Project updates | OE vs AT AM1-mulliken, never using optimization, with symmetry on and off Only taking BCC contributions from each toolkit CD: looks like BCC corrections are a problem. They vary a lot between OE and AT by molecule. JW – It’s weird that this is looking like a continuum on the y=x line. I’d expect it to look like a really clumpy distribution that wither looks like a grid or some vertical lines LW – There are 141 unique BCC values (charge values) for SMIRKS involving N in some way (either including or excluding), so it may look smoother than JW thinks. There are 251 unique BCC values in total.

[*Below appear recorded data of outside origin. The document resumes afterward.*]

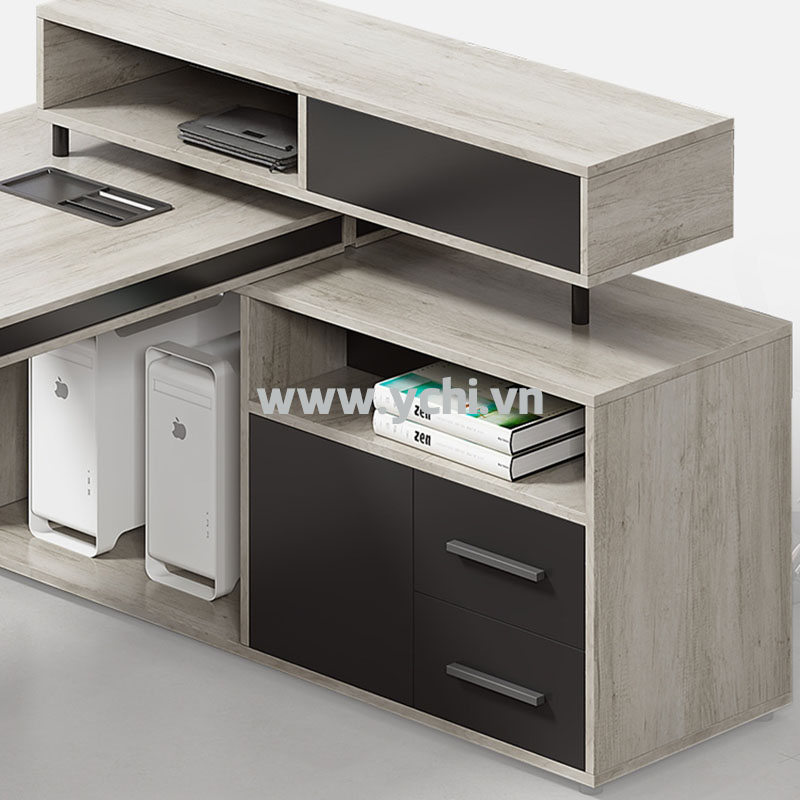 Cụm Bàn Làm Việc 4 Người Không Gian Cone Space YCHICS018 với chân thép sơn tĩnh điện, lắp ráp ngàm chắc chắn, kết hợp với mặt bàn được làm từ gỗ tiêu chuẩn. Bàn có thiết kế hiện đại với kích thước tiêu chuẩn phù hợp với mọi loại ghế văn phòng, phù hợp với nhiều không gian văn phòng. Bàn có tủ liền với mặt bàn, giúp dễ dàng lưu trữ vật dụng của mỗi nhân viên. Thêm vào đó là mặt bàn dày 10cm, cho một kết cấu chắc chắn, sang trọng.
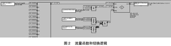 但是由于近期趨勢可能收集不到部分負荷段的相關(guān)數(shù)據(jù),在超出現(xiàn)有數(shù)據(jù)負荷的部分應采取必要的補救措施,可以參考相同負荷運行的另一臺余熱鍋爐的主蒸汽流量,以此來彌補現(xiàn)有數(shù)據(jù)的不足。為了保證數(shù)據(jù)切換的可靠性,切換條件要嚴謹,現(xiàn)有函數(shù)的負荷下線上增加25MW與另外一臺的燃機負荷大于100MW。如此設(shè)置的好處是當另一臺運行機組突然故障或跳機時保證數(shù)據(jù)能及時切換到函數(shù)輸出,保證機組的安全運行。具體操作見圖2。
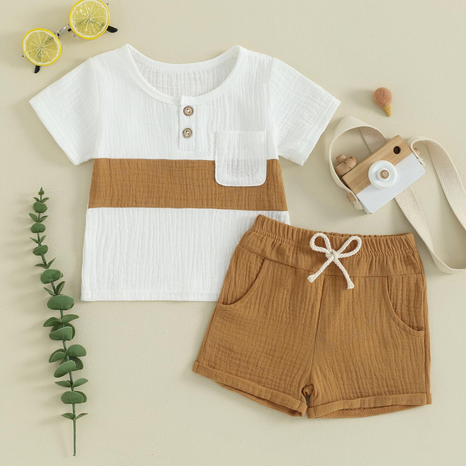 Features: Baby boy short sleeve henley shirt, front button with chest pocket, matching with elastic waist solid color shorts, 2pcs fashion boys summer clothes makes your boys handsome.
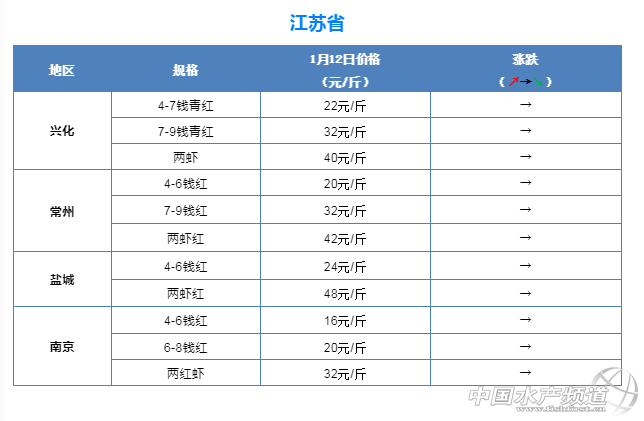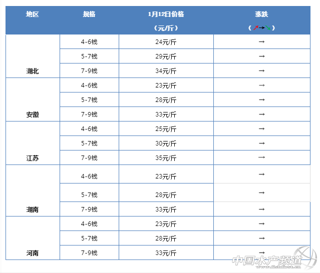 中國水產頻道原創報道, 今日小龍蝦行情再次回歸穩定,最新報價基本維持昨天的水平!扣蟹價格平穩。 蝦蟹行情每日播報 您身邊的行情顧問 歡迎關注蝦蟹前沿公眾號! 高淳成蟹三連漲!1月12日興化、高淳、泗洪、無錫成蟹價格! 文|沈君 扣蟹參考價 高淳 水陽 盤錦 成蟹行情解析 高淳 近期高淳精品蟹價整體呈上漲趨勢,今天蟹價繼續上漲,其中2母、1.8母均漲3元/斤,漲幅最大;其他中小規格普遍漲1-2元/斤;大規格蟹價基本未變。 興化 繼8日普蟹價格上漲后,近四天興化普蟹價格保持平穩,今天各規格蟹價繼續保持不變。 成蟹參考價 高淳 此報價由高淳倪老板提供 興化 此報價由興化丁老板提供 泗洪 此報價由泗洪孫老板提供 泗洪 此報價由無錫王老板提供 今日小龍蝦行情整體平穩,未出現明顯波動!1月12日小龍蝦行情 文|鄭鵬飛 1月12日全國小龍蝦塘頭價 1月12日全國小龍蝦市場批發價 【關鍵字】:小龍蝦 價格行情 水產養殖 |
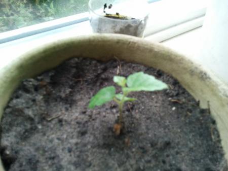 Uit de eerste appel kwam niets (of toch?) iets op. Een vreemd plantje,
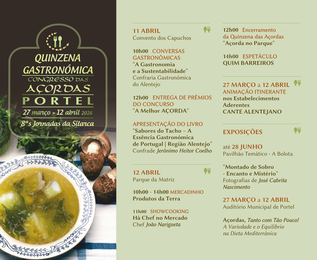De 27 de março a 12 de abril, esperam-se dias de sabores únicos e tradicionais, conjugados com diferentes temáticas apresentadas em workshops, conversas, o concurso da melhor açorda, passeios que vão permitir aos visitantes e locais descobrir as silarcas (cogumelo) que crescem no montado, showcookings de culinária com a participação de diferentes chefs para momentos únicos de degustação, e claro, Cante Alentejano.
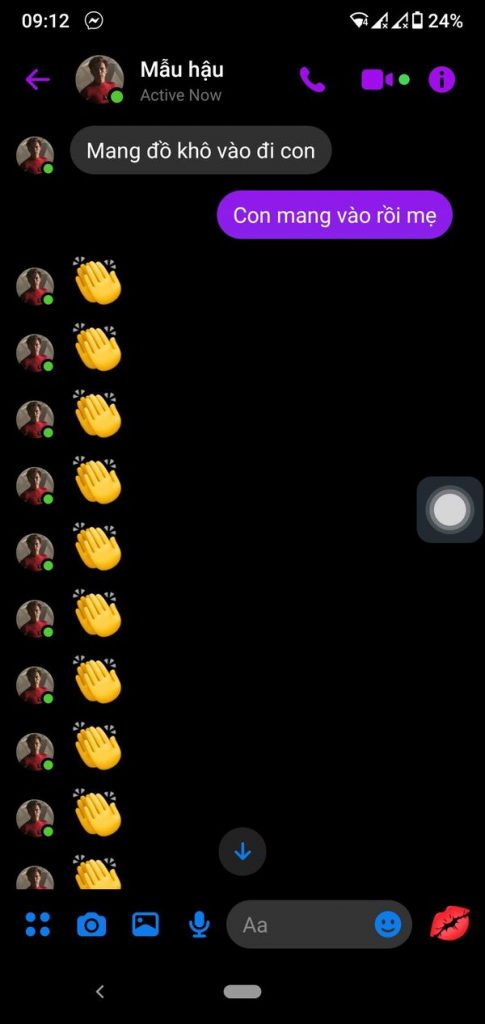 Hôm nay trời đột nhiên xị mặt xuống và gió cũng to hơn bình thường. Mẹ tôi giặt đồ từ lúc trời hẵng còn đẹp nên khi trời chuyển xấu mẹ tôi đã nhắn tin cho tôi qua messenger để lấy đồ từ ngoài hiên vào.

We get perfect agreement between OE and AT with no-symmetry and no-optimization and no BCC (i.e. AM1). A small error (difference) comes in when we tell OE to perform symmetrization. A large error comes in when we introduce BCCs. JW hypothesis: AMBER is not loading the molecules properly. It’s not reading the symmetry properly and not applying BCCs correctly. Or OE is changing the molecular graph after we give it to QUACPAC. LW: I wonder if RDKit is assigning bond orders correctly. “While it is possible for RDKit to erroneously label these properties for some molecules (particularly for nuanced concepts such as aromaticity, as shown by the rightmost “aromatic” molecule as classified by RDKit, which is in fact not aromatic) […] As an example, aromaticity is a concept that RDKit acknowledges is difficult to capture algorithmically, and thus may be misclassified for some molecules (molecules which have their aromaticity broken by steric strain is an intuitive example).” (doi.org/10.1021/acs.jcim.1c00519)
JW – How does this tie into the overall goals of this project? Give Connor research experience If this is a technical bug, then it’s not a great research project. JW and/or LW should probably write the bug down somewhere searchable.
Get the toolkit to get more consistent charges between backends Determine whether ELF1 is better than random conformer selection.
Using no optimization, no symm, random confs JW – This looks great. The RMSE has dropped a ton. CD – The second plot only has part of the dataset complete. I’ll ping you when it’s complete. |